The sample forms included in the appendices to Regulation Z should be amended to correctly reflect the requirements of the regulation. Further, additional sample forms should be offered on the CFPB’s website, either formally included in the regulation, or as informal guidance. These sample forms should include pairs of Loan Estimates and Closing Disclosures, and should be accompanied with fact patterns, so the relationship between the forms and the underlying obligations can be tracked and understood in a holistic manner. Where the Bureau has stated in webinars it would accept multiple alternative methods of disclosure, these forms should be either notated as such, or the alternatives should be illustrated in the forms.
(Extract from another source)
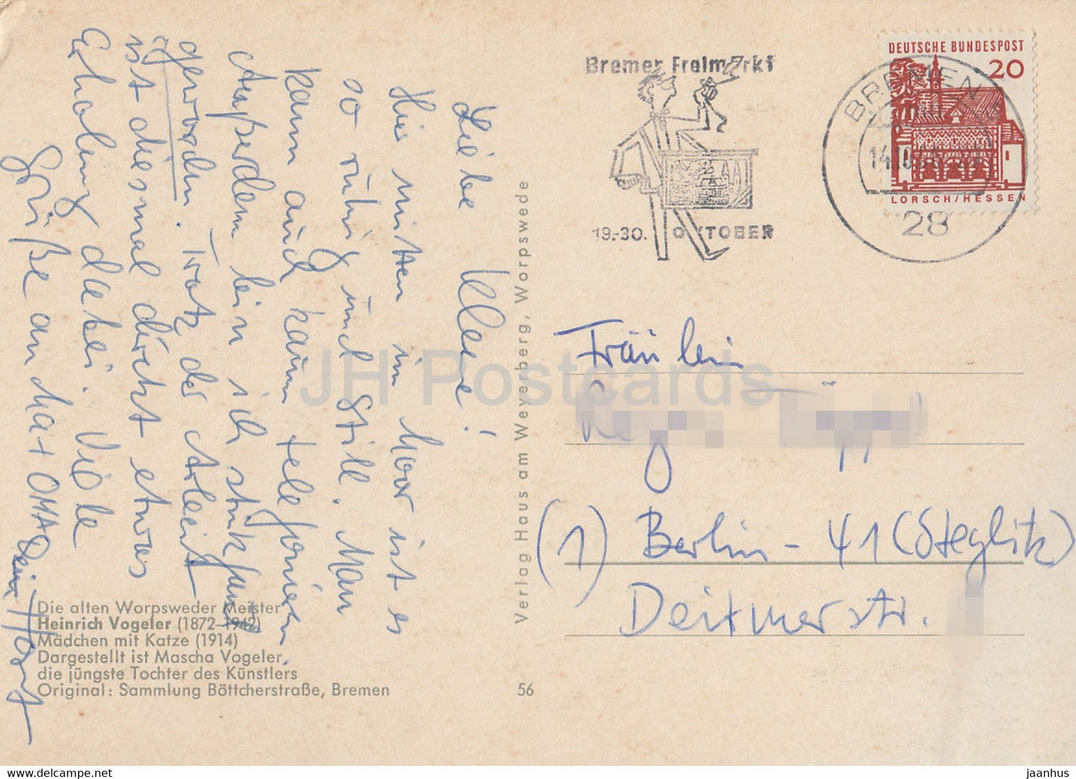 painting by Henrich Vogeler - Madchen mit Katze - German art - Germany - used

Pre-approvals/Pre-qualifications
The CFPB has informally indicated that borrowers may still obtain pre-approvals before applying for loan, as long as all six items of information which constitute an “application” are not provided and any documentation provided is submitted voluntarily. Nevertheless, confusion remains regarding how to collect information necessary for a pre-approval or pre-qualification without triggering disclosure requirements.
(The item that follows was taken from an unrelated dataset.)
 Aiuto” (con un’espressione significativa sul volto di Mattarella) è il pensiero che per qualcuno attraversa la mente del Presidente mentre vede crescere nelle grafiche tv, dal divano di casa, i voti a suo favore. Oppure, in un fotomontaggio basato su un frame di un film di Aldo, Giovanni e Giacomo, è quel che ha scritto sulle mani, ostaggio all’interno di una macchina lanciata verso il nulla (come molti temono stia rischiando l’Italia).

NAFCU recommends that the Bureau clarify that pre-approvals are a different stage of the loan application process, and as long as consumers are clear that a preapproval, and not a loan, is being sought, any information needed by the credit union may be requested from the consumer to provide a pre-approval or pre-qualification without triggering disclosures. In the alternative, the CFPB could clarify that although pre-approvals are a different stage of the process (a) the credit union may not request all six items of information for an application and (b) the consumer may voluntarily provide all information required by the credit union, if a pre-approval is sought.
Conclusion
We appreciate the opportunity to share our thoughts on the CFPB’s proposal to make amendments to the TRID rules. Should you have any questions or concerns, or if you would like to discuss this issue further, please feel free to contact me or Alexander Monterrubio, NAFCU’s Director of Regulatory Affairs, at amonterrubio@nafcu.org or (703) 842-2244.
Sincerely,
Carrie Hunt
Executive Vice President of Government Affairs & General Counsel
1 See, 78 FR 79882.
2 15 U.S.C. § 1640(a)(2)(A)(i); see also, Huff v. Stewart-Gwinn Furniture, 713 F.2d 67 (4th Cir. 1983) (creditor liable for technical violation even though borrower suffered no damage or actual injury and was not misled as a result of the violations).
3 See, 12 C.F.R. § 1024.8(c).
4 See, 15 U.S.C. § 1640(b), (c).
5 12 C.F.R. pt. 1026, Supp. I, comment 1026.37(g)(4)-2. 6 See, 78 FR 79964.